Gauge transformations are also illustrated in Fig. 1–right: the naked eye can hardly tell whether or not the images corresponding to two coupling-matrices belong to the same gauge orbit. This question can be answered by fixing the gauge 222In this work we deal with an Abelian gauge group which makes fixing the gauge simple (difficulties arise for non-Abelian gauge groups, see e.g. Ref. Marinari et al. (1991))., that is, to use a map $f_{\mathcal{G}}:\bm{J}^{\mathcal{O}_{k}}\to{\bm{\hat{J}}}^{\mathcal{O}_{k}}$ from any instance $\bm{J}$ from gauge orbit ${\mathcal{O}_{k}}$ to a single representative of it, $\bm{\hat{J}}$ . Thus, two instances are in the same orbit if, and only if, $f_{\mathcal{G}}(\bm{J})=f_{\mathcal{G}}(\bm{J^{\prime}})$ . We construct our mapping by changing the gauge: the $\bm{\epsilon}\equiv\left\{{\epsilon_{\bm{x}}}\right\}$ in Eq. (2) are chosen in such a way that $\tilde{J}_{\bm{x},\bm{y}}=1$ for any horizontal coupling $\bm{x}-\bm{y}=(\pm 1,0)$ (but for $\tilde{J}_{\bm{x}=(L-1,y),\bm{y}=(0,y)}$ which is equal to a gauge-invariant Polyakov loop), as well as $\tilde{J}_{\bm{x}=(0,y),\bm{y}=(0,y+1)}=1$ for $0\leq y<L-2$ . We include a code performing this gauge-fixing in the Appendices.
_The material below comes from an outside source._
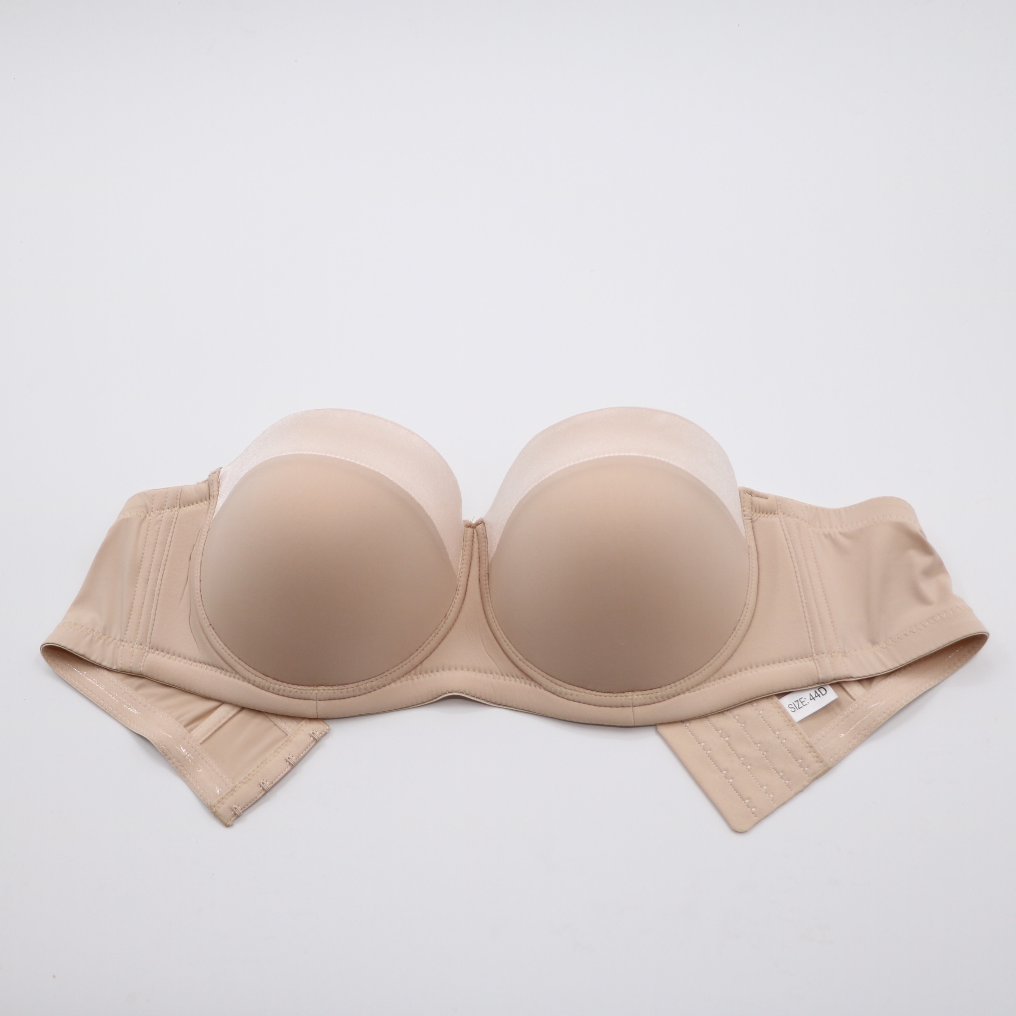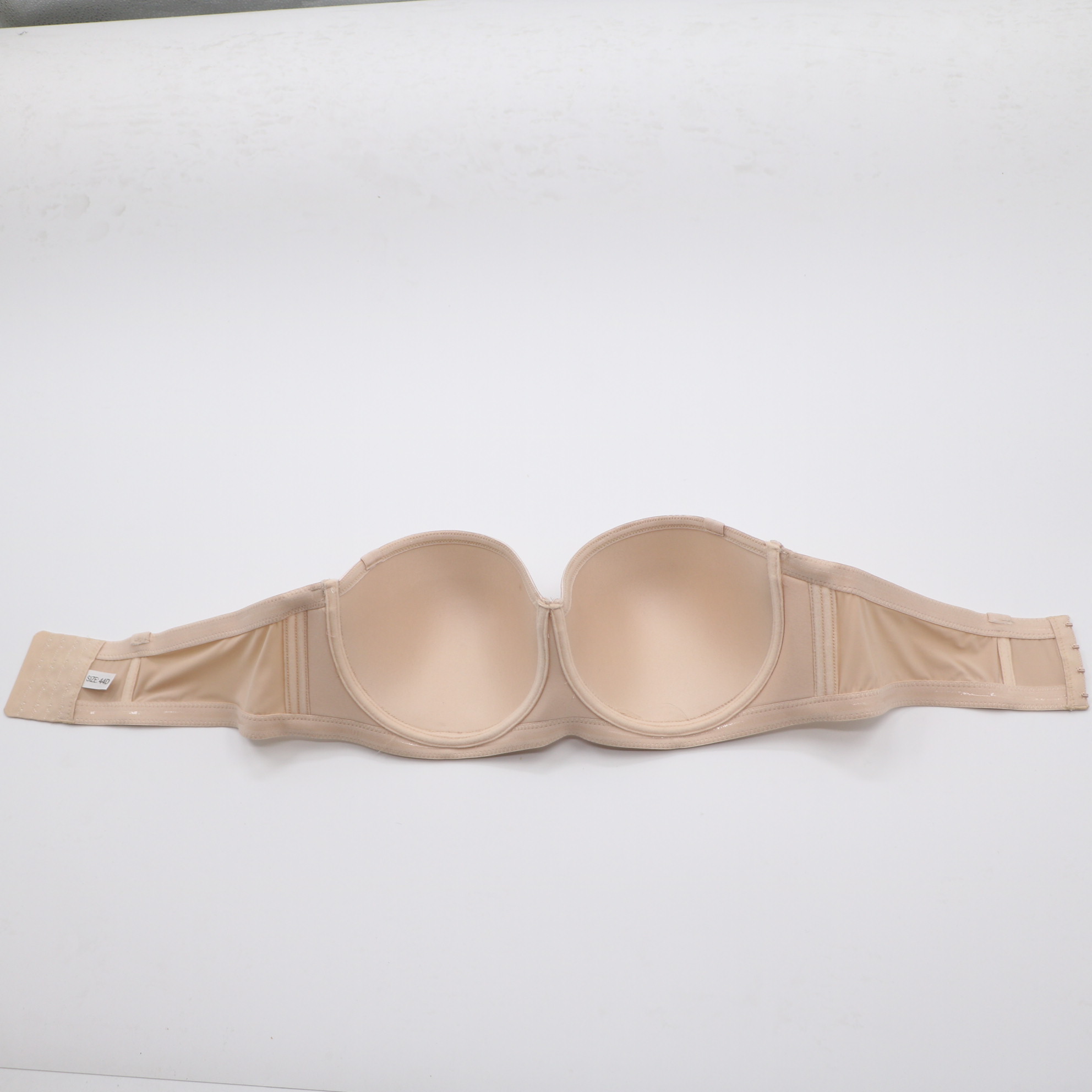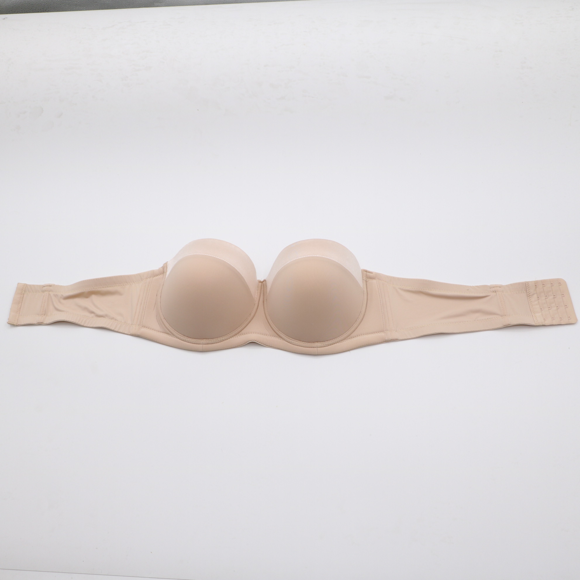 This seamless strapless bra features molded cups for gentle lift and a smooth, invisible fit under any outfit. The anti-slip silicone strip along the top edge ensures it stays in place, while the multi-position back closure provides a secure, personalized fit.

Construction of the data set– We found inconvenient for our purposes the approach used in Ref. Carrasquilla and Melko (2017) to detect the gauge symmetry, namely constructing a (balanced) dataset of pairs of systems, a group with pairs of instances from the same orbit an the other group with pairs of randomly-chosen $\bm{J}$ s. Indeed, this classification problem is too easy. Most of the time, and this is what the DCNN will learn, the pair of randomly-chosen $\bm{J}$ s will be so different that one could tell that they do not belong to the same orbit just by looking at a very reduced number of plaquettes 333For two randomly-chosen $\bm{J}$ s, the probability of coincidence in $k$ fixed, non-overlapping plaquettes falls as $1/2^{k}$ .. A DCNN trained in this way would completely miss situations in which just a few coupling changed, and it would be blind to extensive transformations that leave every plaquettes unaltered. Therefore, we need to ensure that in our dataset it will not be enough for the DCNN to check one (or few) plaquette(s) [neither fixed plaquettes nor randomly chosen ones].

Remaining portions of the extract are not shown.